START Source records
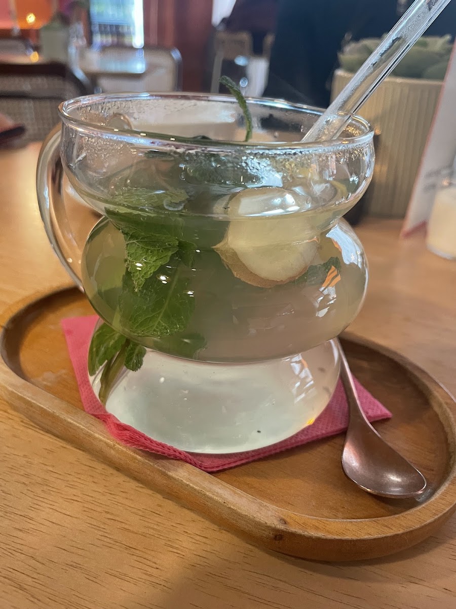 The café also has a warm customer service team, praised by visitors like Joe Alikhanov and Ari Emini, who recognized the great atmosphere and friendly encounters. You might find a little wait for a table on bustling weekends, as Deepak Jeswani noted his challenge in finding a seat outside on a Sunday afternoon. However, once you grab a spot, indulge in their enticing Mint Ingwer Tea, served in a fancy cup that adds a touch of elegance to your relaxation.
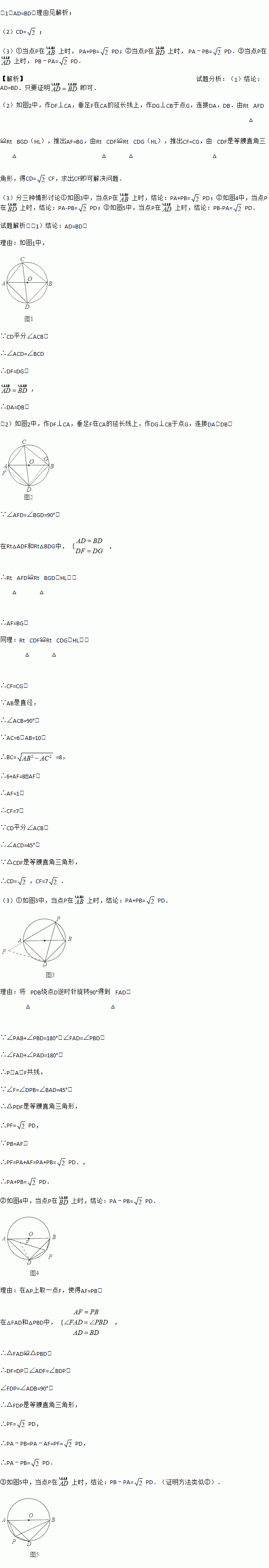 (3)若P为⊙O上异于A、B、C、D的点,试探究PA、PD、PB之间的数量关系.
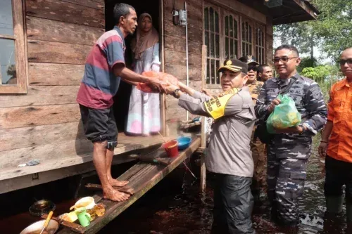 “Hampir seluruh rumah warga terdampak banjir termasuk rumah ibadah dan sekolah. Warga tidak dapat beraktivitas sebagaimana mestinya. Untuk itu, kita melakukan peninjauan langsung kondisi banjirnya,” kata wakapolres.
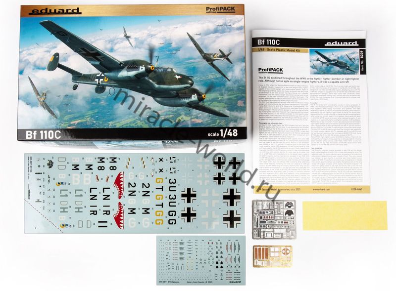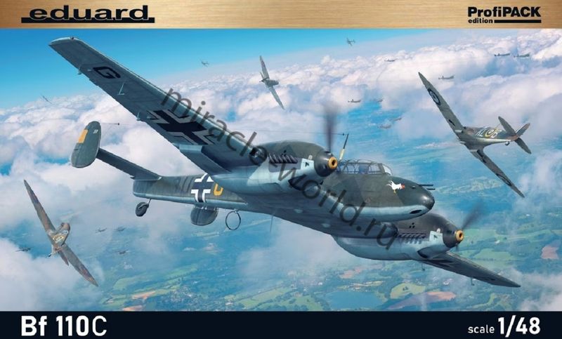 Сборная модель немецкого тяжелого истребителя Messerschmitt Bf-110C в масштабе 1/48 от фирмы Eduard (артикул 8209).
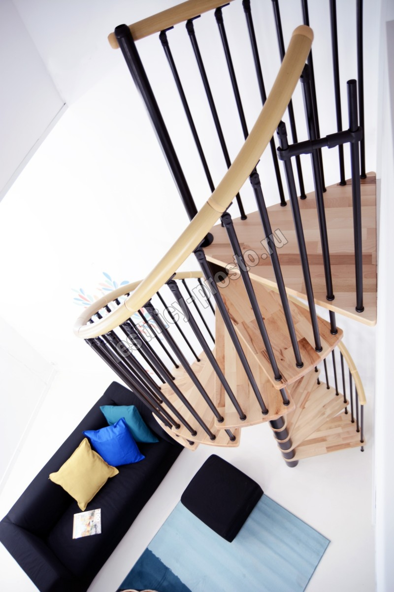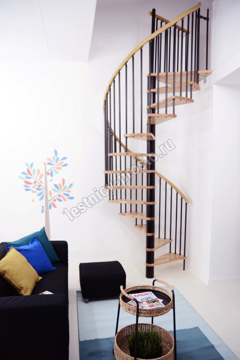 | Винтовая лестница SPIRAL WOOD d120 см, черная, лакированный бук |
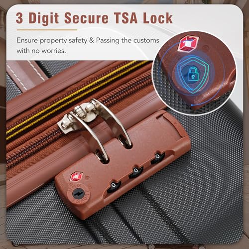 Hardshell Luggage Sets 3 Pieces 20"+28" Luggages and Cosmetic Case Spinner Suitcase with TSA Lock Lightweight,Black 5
END Source records
## [Your instructions]
Restate, word for word, each line from the one with "Сборная модель немецкого" to the end of the entries, both included, and keep every picture out.

## [Solution]
 Сборная модель немецкого тяжелого истребителя Messerschmitt Bf-110C в масштабе 1/48 от фирмы Eduard (артикул 8209).
 | Винтовая лестница SPIRAL WOOD d120 см, черная, лакированный бук |
 Hardshell Luggage Sets 3 Pieces 20"+28" Luggages and Cosmetic Case Spinner Suitcase with TSA Lock Lightweight,Black 5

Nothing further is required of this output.